#### [SUPPLIED RECORDS]
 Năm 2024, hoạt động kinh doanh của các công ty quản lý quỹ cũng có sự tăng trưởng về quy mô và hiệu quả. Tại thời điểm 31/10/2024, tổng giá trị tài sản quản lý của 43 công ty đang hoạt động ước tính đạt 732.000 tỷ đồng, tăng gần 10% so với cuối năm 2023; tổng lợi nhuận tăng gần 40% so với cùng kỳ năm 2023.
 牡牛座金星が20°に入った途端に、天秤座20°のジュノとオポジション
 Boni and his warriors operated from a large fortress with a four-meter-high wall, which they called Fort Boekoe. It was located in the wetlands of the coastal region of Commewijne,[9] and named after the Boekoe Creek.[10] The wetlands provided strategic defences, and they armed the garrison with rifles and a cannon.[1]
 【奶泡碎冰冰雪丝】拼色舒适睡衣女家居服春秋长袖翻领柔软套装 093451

--

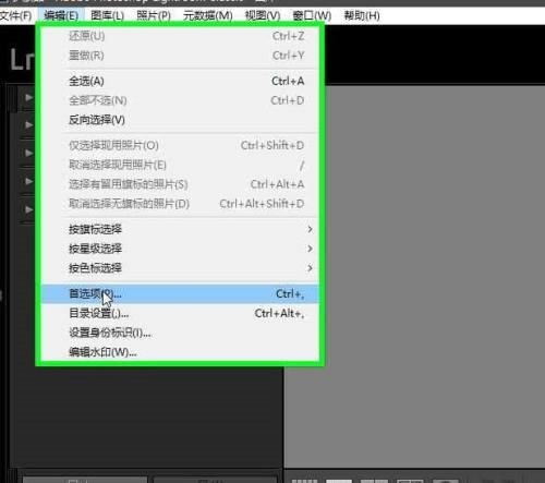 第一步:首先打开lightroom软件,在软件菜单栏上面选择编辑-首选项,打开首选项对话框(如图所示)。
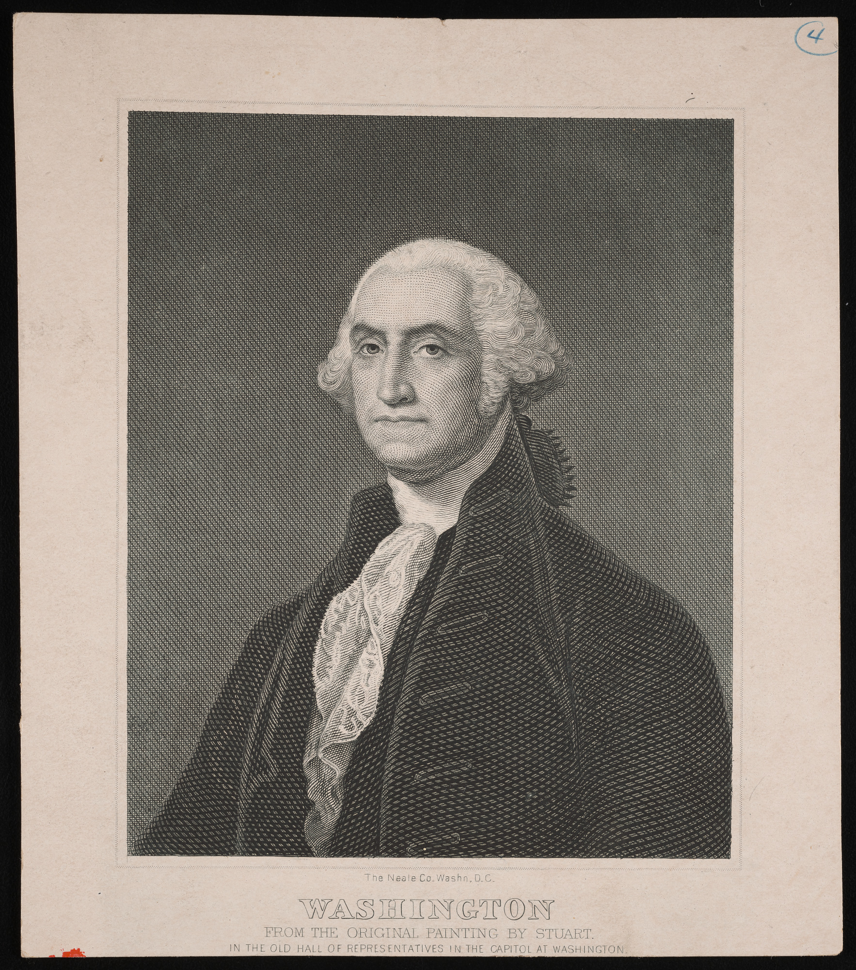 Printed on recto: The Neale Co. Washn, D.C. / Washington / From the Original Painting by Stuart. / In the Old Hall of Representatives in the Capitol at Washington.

#### [TRY IT]
The material above holds pictures; leave them out. Repeat exactly the lines from the one containing "第一步:首先打开lightr" through the one containing "Printed on recto: The", and nothing else.

#### [OUTPUT]
 第一步:首先打开lightroom软件,在软件菜单栏上面选择编辑-首选项,打开首选项对话框(如图所示)。
 Printed on recto: The Neale Co. Washn, D.C. / Washington / From the Original Painting by Stuart. / In the Old Hall of Representatives in the Capitol at Washington.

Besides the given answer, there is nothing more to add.